Data provided

────

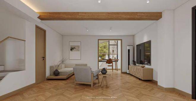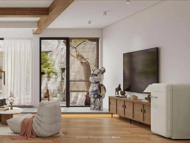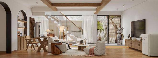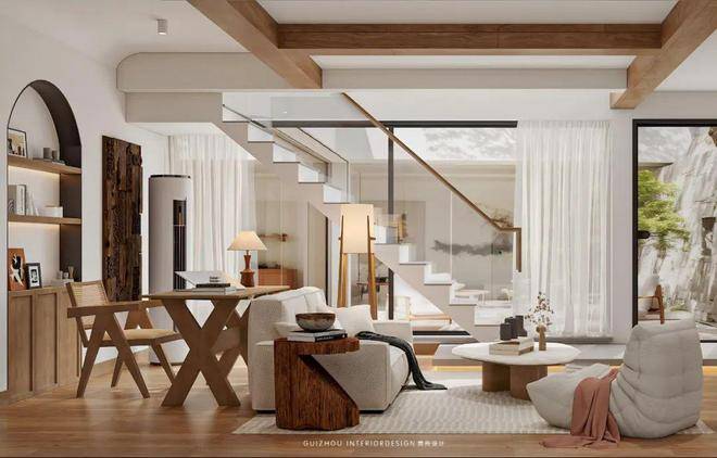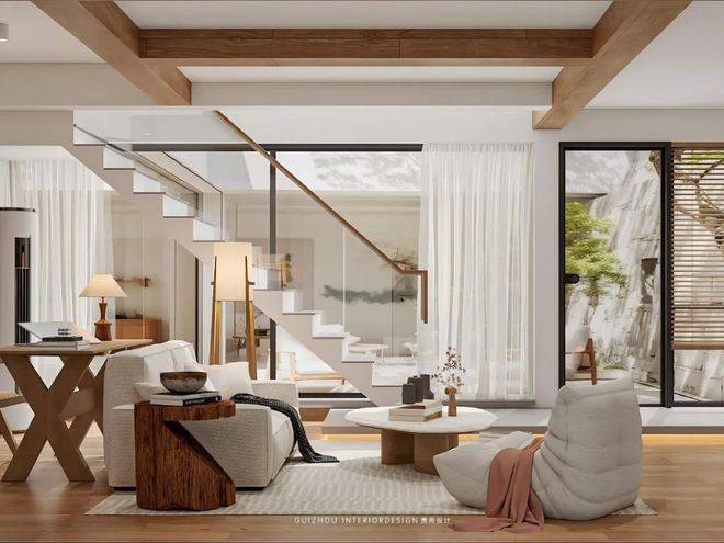 起居室素白的墙面如宣纸般铺展,深褐色的木梁在屋顶延伸视觉,整面落地窗将庭院景致引入室内。
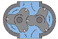 The image shows a lobe pump which used on our rotory pump filling machine.
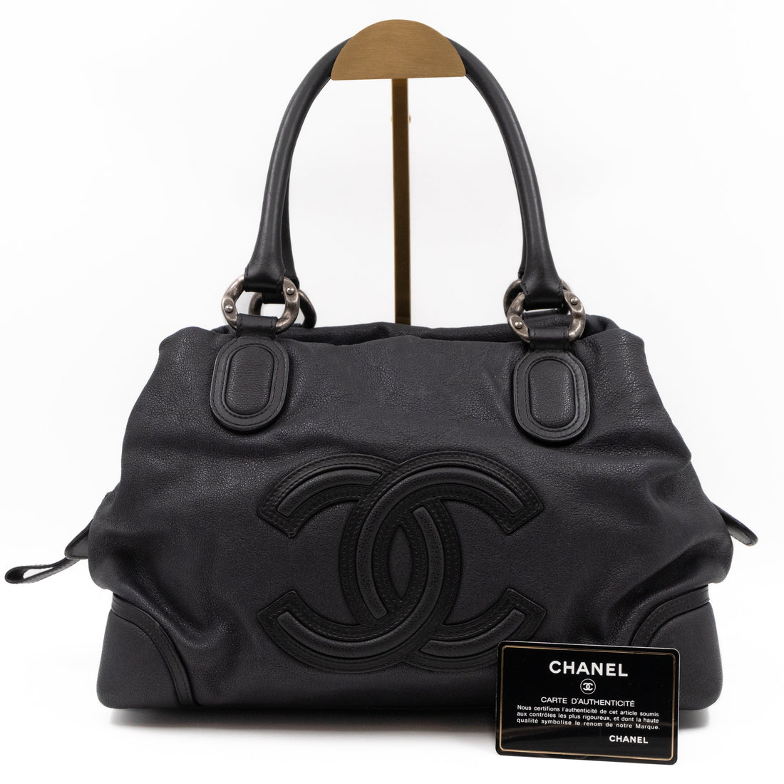 This is a Chanel Bowling hand bag. This soft hand bag is made with black...

────

Problem requirements
With images omitted, retype the data word for word.

Your response
 起居室素白的墙面如宣纸般铺展,深褐色的木梁在屋顶延伸视觉,整面落地窗将庭院景致引入室内。
 The image shows a lobe pump which used on our rotory pump filling machine.
 This is a Chanel Bowling hand bag. This soft hand bag is made with black...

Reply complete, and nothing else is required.